Safely Kept Stakes
- Class: Grade III
- Location: Laurel Park Racecourse, Laurel, Maryland, United States
- Inaugurated: 1986
- Race type: Thoroughbred – Flat racing
- Website: www.laurelpark.com

Race information
- Distance: 7 furlong sprint
- Surface: Dirt
- Track: left-handed
- Qualification: Three-year-olds fillies
- Weight: Assigned
- Purse: $125,000

= Safely Kept Stakes =

The Safely Kept Stakes is an American Thoroughbred horse race run annually at Laurel Park Racecourse in Laurel, Maryland. Open to fillies aged three, it is competed on dirt over a distance of seven furlongs. Run during October, it offers a purse of $100,000.

The Safely Kept Breeders' Cup Stakes is one of the top sprints for three-year-old fillies in the country. One of the few six-furlong contests with graded status for three-year-olds that leads to the Breeders' Cup Filly & Mare Sprint. It was inaugurated in 1986 as the Columbia Stakes. The stakes record is held by Godmother who finished the six furlongs in 1:09.21.
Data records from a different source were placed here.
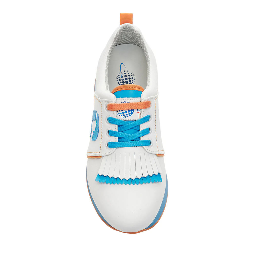 Duca del Cosma 11929-00 Westcliff dames golfschoen met een speciale make-over speciaal ontworpen voor het KLM Open. Gemaakt van zacht leer met textieldetails, u blijft droog en comfortabel, dankzij het ademende membraan en de ARNEFLEX® binnenzool van traagschuim. De Airplay VI-buitenzool is zowel functioneel als modieus en biedt flexibiliteit en demping, optimale grip van de 5 mm noppen over de buitenzool en een teenbumper om slijtage te voorkomen en uw voeten te beschermen.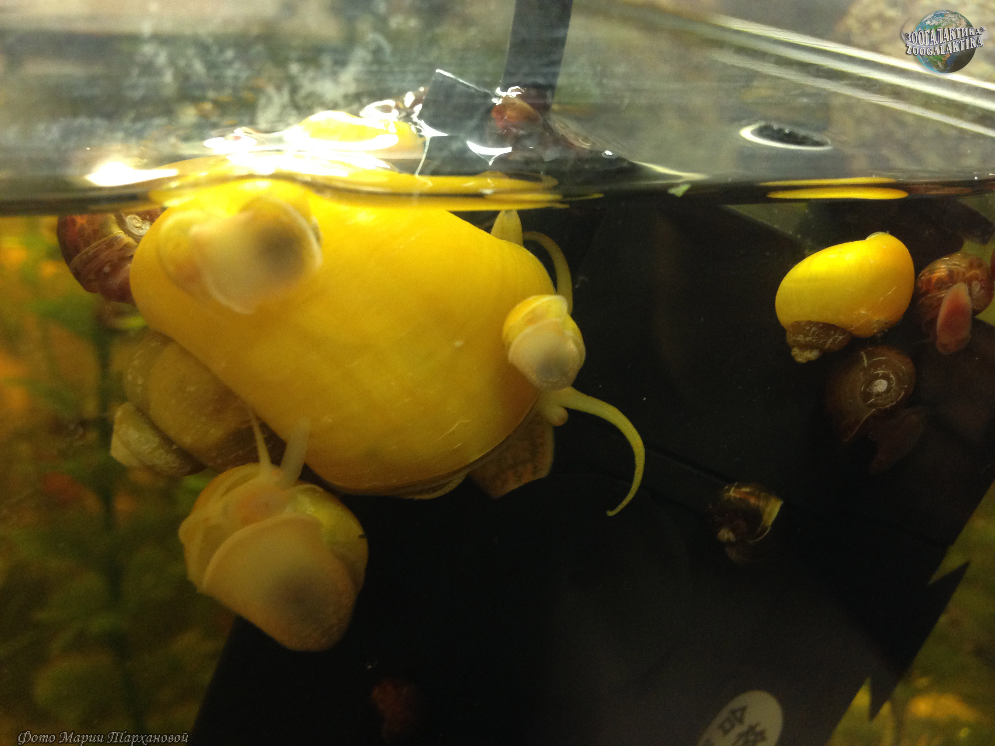 Ампуллярии появились в Европе в прошлом веке. Привезли их из Южной Америки. Этот вид широко распространен в странах тропического пояса и обитает в стоячих или медленнотекущих водоемах - прудах, болотах, реках. Эти улитки привычны к низкому качеству воды. Внешне ампуллярии напоминают прудовиков. Естественный цвет их спирально завитой раковины бледно-коричневый, с широкими темными концентрическими полосами, но при разведении в неволе наиболее популярными оказались альбиносы желтого цвета. В случае опасности или при неблагоприятных условиях ампуллярия использует роговую крышечку, которая подобна дверце, закрывающей раковину, когда улитка прячется в нее. Эти моллюски - амфибии, способные выходить за переделы воды и хорошо приспособленные к такому образу жизни. Даже икру, спасая ее от водных хищников, они откладывают на суше.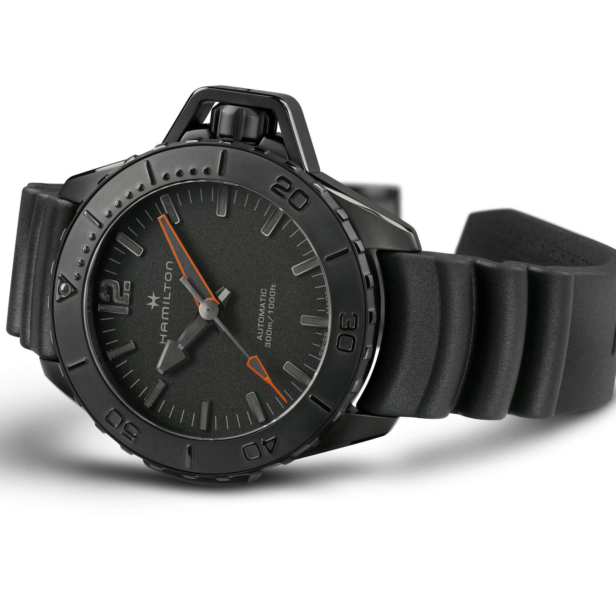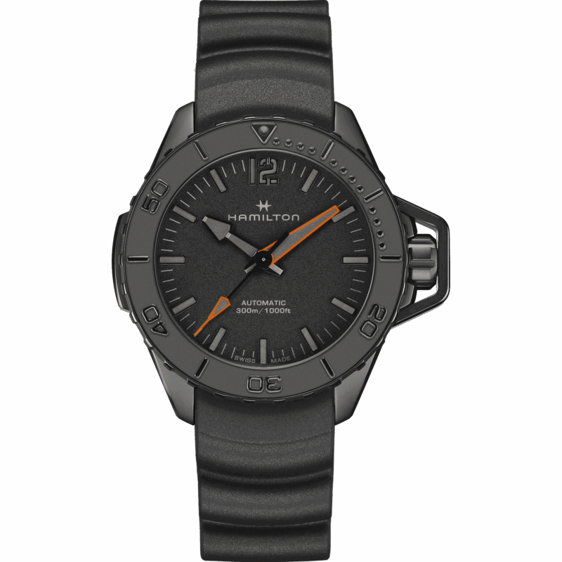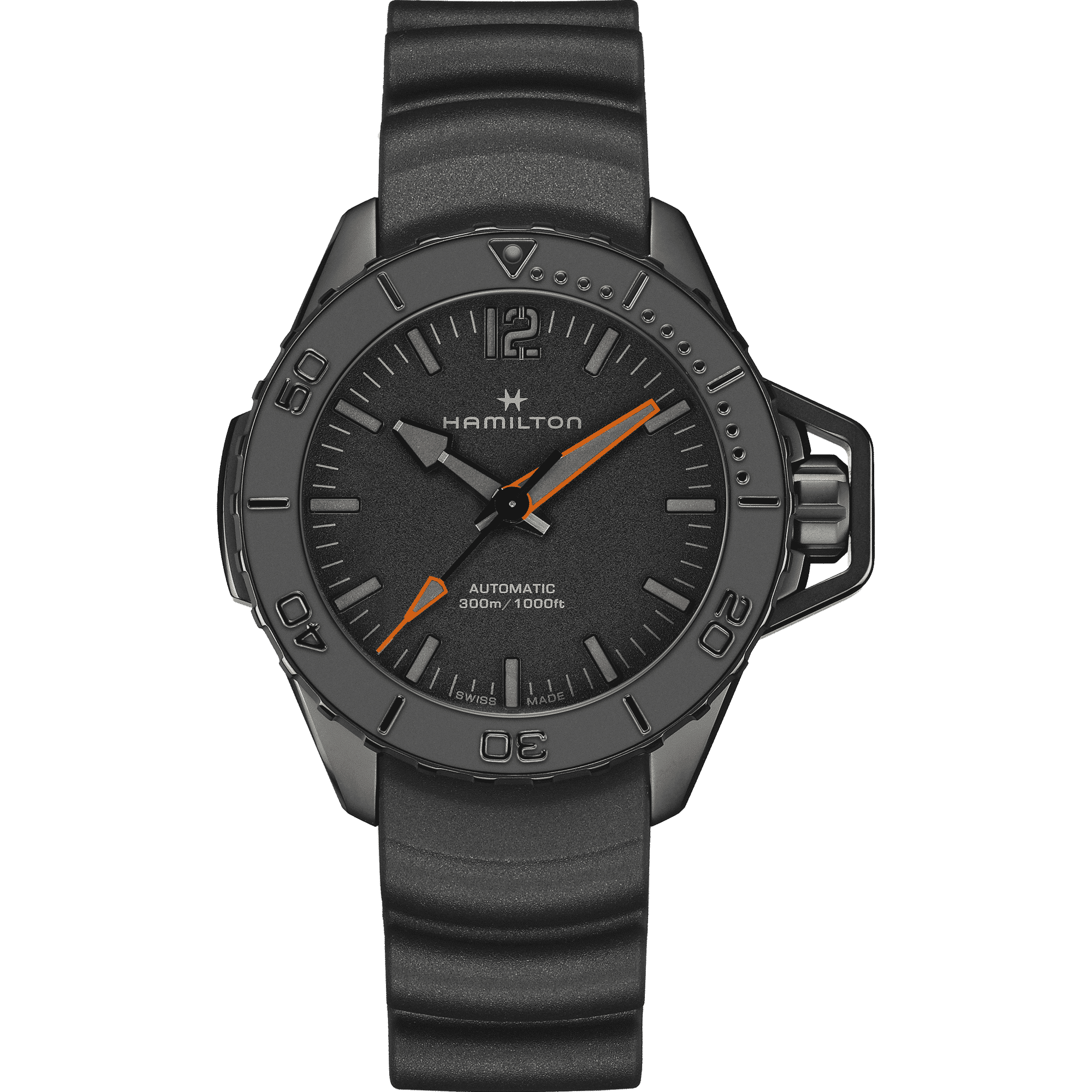 Con un nuovo look audace, il Khaki Navy Frogman Automatic è l’orologio Hamilton tecnicamente migliore per le avventure in mare. Progettato per garantire precisione, leggibilità e resistenza, porta l’insondabile potenza dell’oceano al polso. È inoltre dotato di una protezione della corona dalla forma unica, e di un cinturino in caucciù ondulato.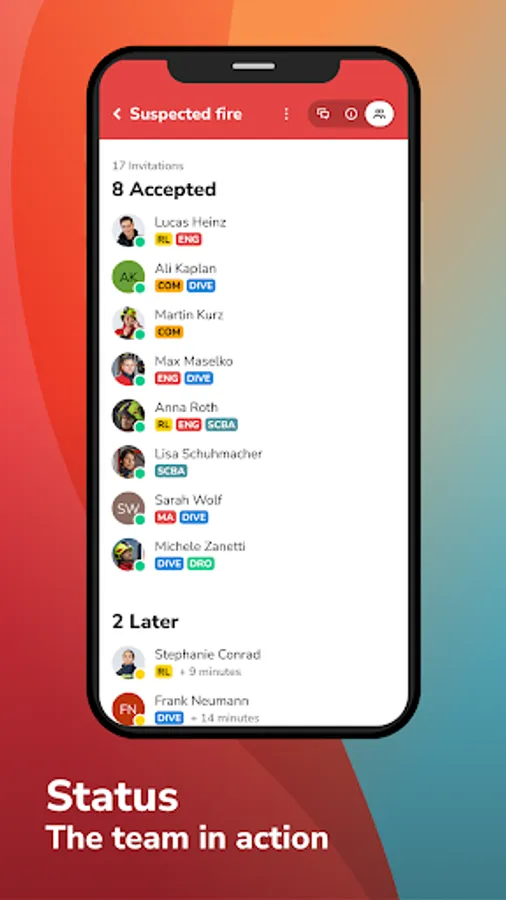 • ALARM FEEDBACK: Here you can see who is deployed when and what qualifications the individual team members have.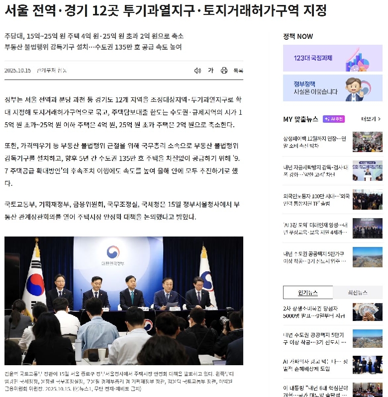 서울 전역 경기 12곳 투기과열지구 토지거래허가구역 지정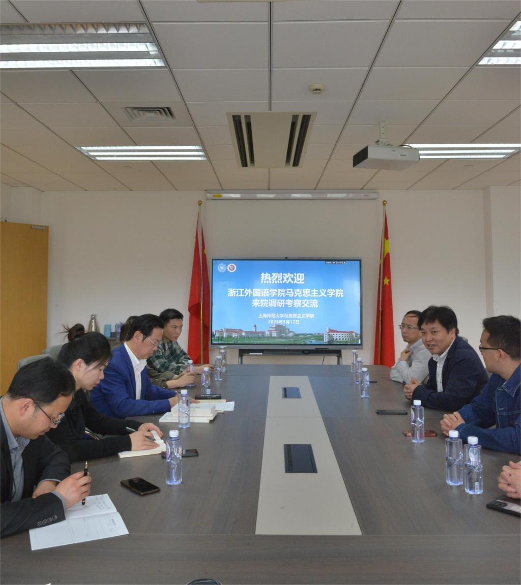他山之石,可以攻玉。学习借鉴省外高校先进经验,更好地助推我校马院建设和思政课建设高质量发展。12日上午,学院一行赴上海师范大学马克思主义学院调研。座谈会上,学院院长王建新教授介绍了我校马院的发展历程与建设情况,上师大马院院长张志丹教授在介绍本院历史沿革的基础上,重点从顶层设计、团队打造、学科建设等多个维度,畅谈了自己对于马院建设的几点思考,双方就如何加强新时代马院建设展开了热烈讨论,并就推动大中小学思政课一体化建设等未来合作议题达成广泛共识。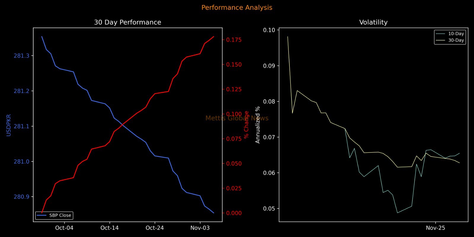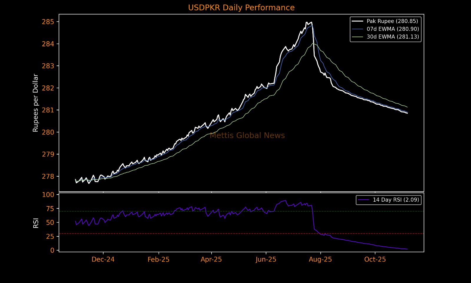 November 06, 2025 (MLN): The Pakistani rupee (PKR) appreciated by 1.05 paisa against the US dollar in Thursday's interbank session to settle the trade at PKR 280.85 per USD, compared to previous closing of 280.86.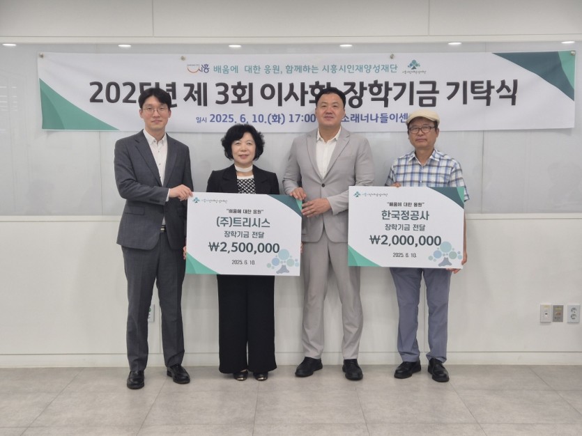 (재)시흥시인재양성재단(이사장 임병택)은 지난 6월 10일 소래너나들이센터에서 ‘2025년 제3회 이사회 및 장학기금 기탁식’을 진행했다.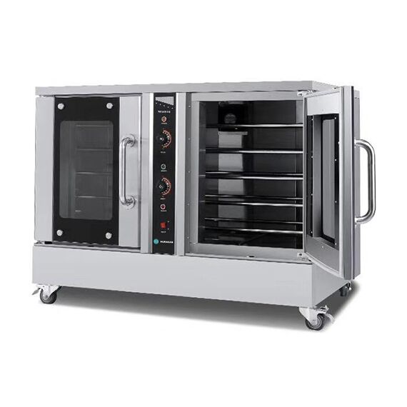 1220х815х940мм, 46кг, 220В, 2,8кВт, 10 (2*5) уровней, температурный режим 30-85C, камера 720х1190х650мм, подключение к воде, противни 600х400мм
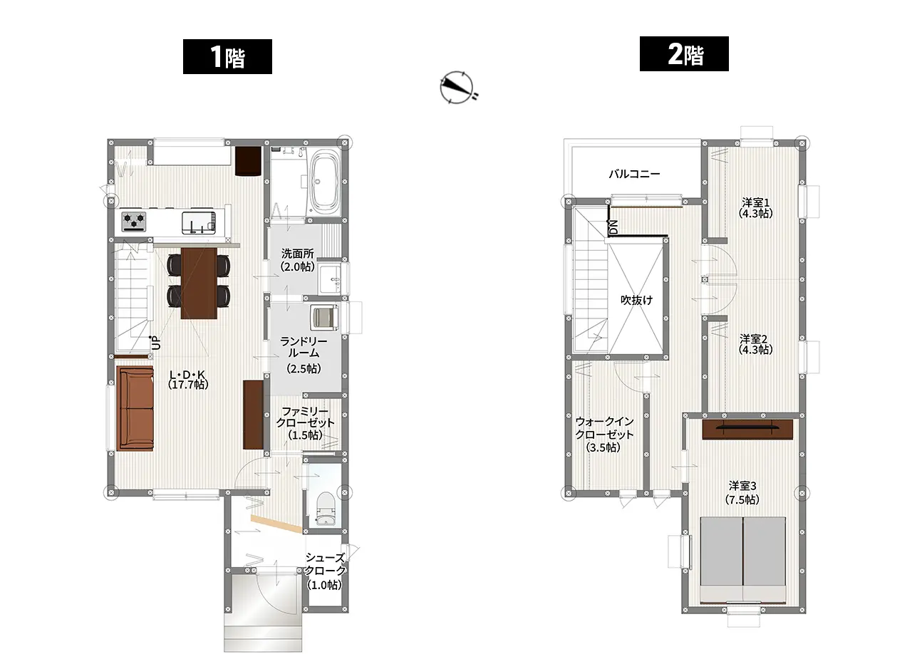 行き来の多い水回りの使い勝手をよくした回遊動線を採用。 家事効率のよい間取りになりました。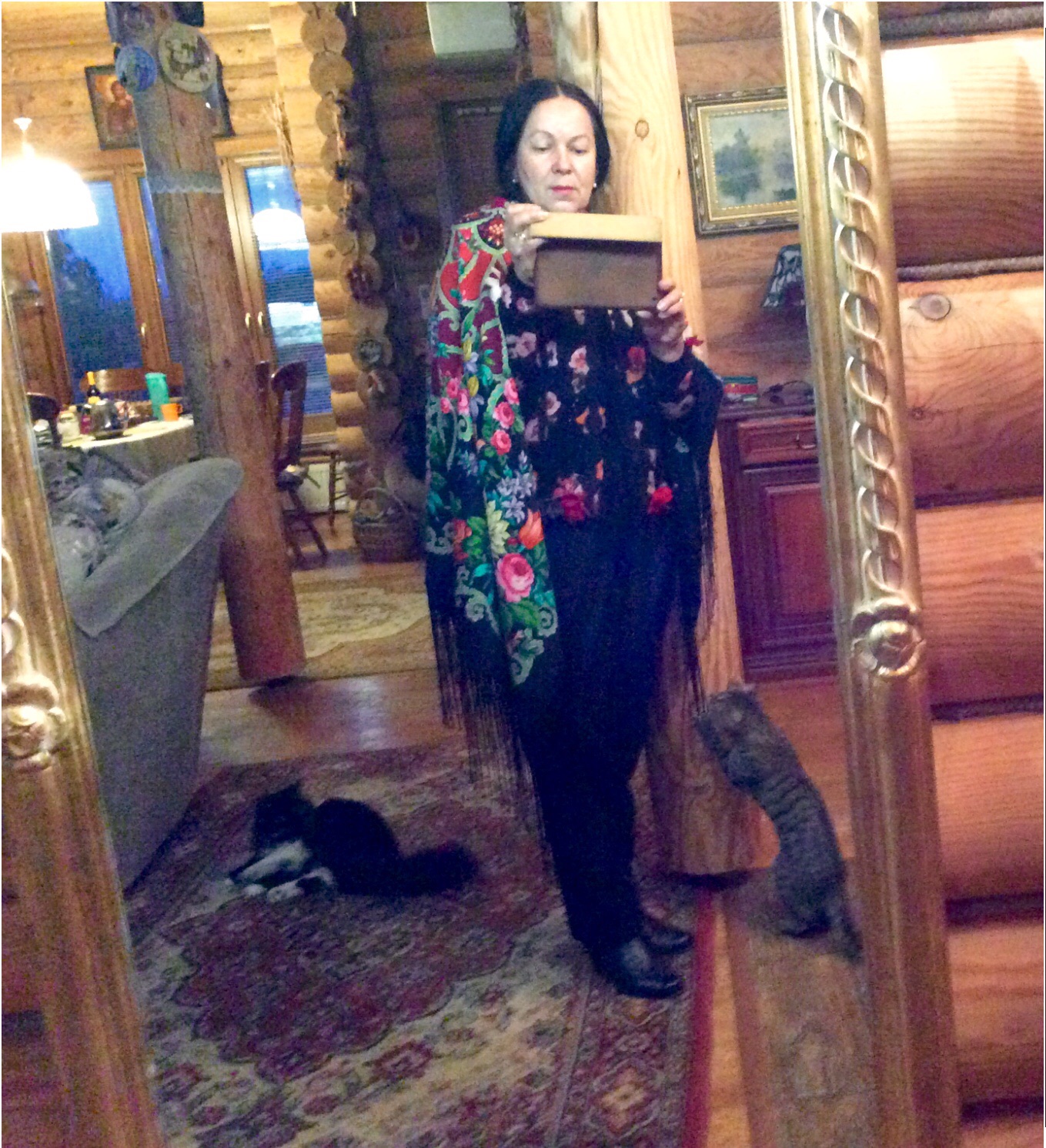 Sheri На Вас и красиво, и торжественно... и одной из кошек тоже явно шаль нравится! ^%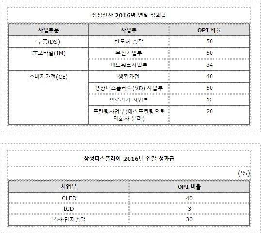 한편 삼성디스플레이에서는 유기발광다이오드(OLED)와 액정표시장치(LCD) 사업부의 희비가 엇갈렸다. OLED는 40%의 성과급을 챙긴 반면, LCD는 3%에 그쳤다. 삼성디스플레이 본사 및 단지총괄은 30%의 성과급을 받았다.
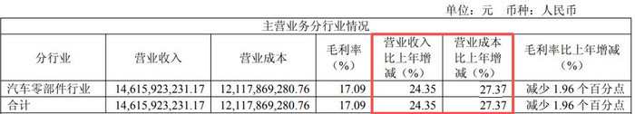 尽管在讲解期内获得诸多获利,但新泉股份最终仍交出了一份“增收不增利”的答卷。除了归母净利润和扣非净利润均录得下滑外,受行业竞争、降价压力等身分影响,新泉股份2025年主营业务(汽车零部件)毛利率比上年同时减少了1.96个百分点至17.09%。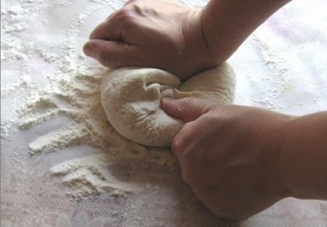 Теперь медленно вводим в массу муку и замешиваем тесто (предварительно муку следует просеять). Тесто необходимо не просто вымесить, а хорошенько размять руками, чтобы оно получилось эластичным и мягким. В среднем на этом уходит 15 минут. При выполнении замеса не стоит пользоваться миксером и прочими приспособлениями, так как они могут нарушить консистенцию готового продукта.

The race is named in honor of Jayeff "B" Stable's and Barry Weisbord's 1989 Eclipse Award Champion Sprinter and 1989 Columbia Stakes winner Safely Kept in 1996. The race has been called several different titles beginning with Columbia Handicap (after a nearby town in Maryland) from 1986–1987, then the Columbia Stakes from 1989–1995.

The race was at Pimlico Race Course in Baltimore, Maryland and has been moved to back and forth from Laurel to Pimlico depending on dates that were assigned by the Maryland Racing Commission. The race was held at Pimlico in 1986–1987, 1989, and 1991–1996. The race was run at Colonial Downs in New Kent, Virginia in 1997. The race was run at Laurel in 1988, 1990, 1998–2000 and from 2006 to present. The race was run at 6 1/2 furlongs in 1987 and 1988.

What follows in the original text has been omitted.